Roth IRA











One of the best ways to save for retirement is in a Roth IRA.

The Roth IRA is an excellent tool to save for retirement. But not everyone can contribute to a Roth IRA — you have to have income below certain thresholds (more on that below). You also have to open this account at a brokerage firm yourself (unlike an employer sponsored retirement plan, like a 401k).

But it’s good — the Roth IRA is really freaking good.


What Is A Roth IRA?

Roth IRA: A Roth IRA is an individual retirement account that you open yourself (not through your employer). With a Roth IRA, you contribute money after you pay taxes on that money (i.e. after you get the money from your paycheck). After your employer withholds taxes from your pay, you can deposit money into a Roth IRA. The annual contribution limit for a Roth IRA in 2018 is $5,500 (for people under 50).

What happens next is the kicker — your money grows tax free. Meaning, your money will grow and grow based on how the market performs, getting lots of compound interest. When you withdraw this money, you don’t ever pay taxes on it. This is awesome and unlike all other retirement accounts (except for a Roth 401K).

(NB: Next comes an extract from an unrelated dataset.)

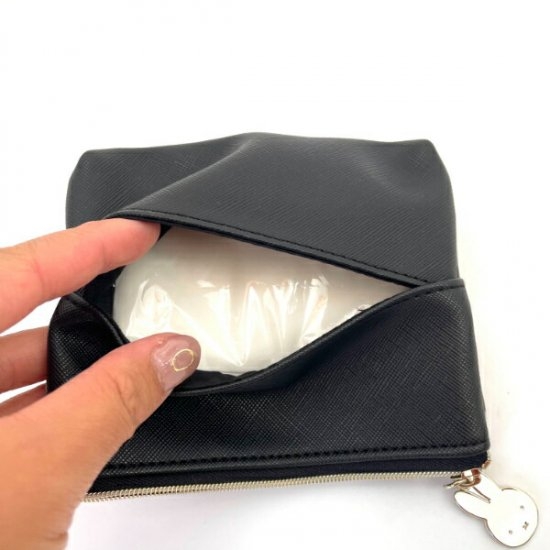 裏面は無地のブラックになっています。ファスナーのゴールドの引手がミッフィーになっているところも高ポイント!
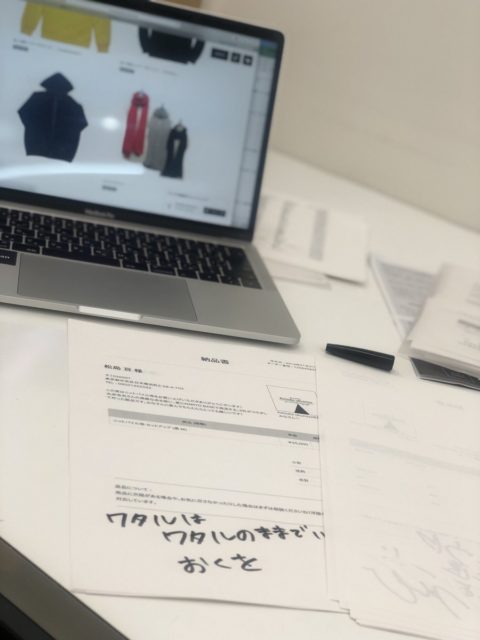 来週けんぼーの会社で発送するKeisuke okunoyaのニットパイル地パーカーのお手紙を書いてます!

Roth 401K: A Roth 401K is a retirement account that you can invest in through your employer but works very similarly to a Roth IRA. It has the advantages of a Roth IRA (contributing after-tax dollars and growing tax free), but is an employer plan and has higher annual contribution limits ($18.5k in 2018 for people under 50). If your company does not match and it offers a Roth 401K, you can use the Roth 401K instead of opening a separate Roth IRA.


Advantages of a Roth IRA

The biggest advantage is that you put money into a Roth account after you pay taxes on the money. So, when you withdraw the money later in life, you do it tax free. Your retirement account grows with after-tax income and when you retire you do not pay any taxes on this money. You pay for the tax now versus later.

This is different than a 401K, where you invest the money pre-tax and pay taxes upon withdrawing. You can’t predict what tax bracket you’ll be in when you retire, so there’s an inherent risk and unknown with 401Ks and IRAs with respect to taxes.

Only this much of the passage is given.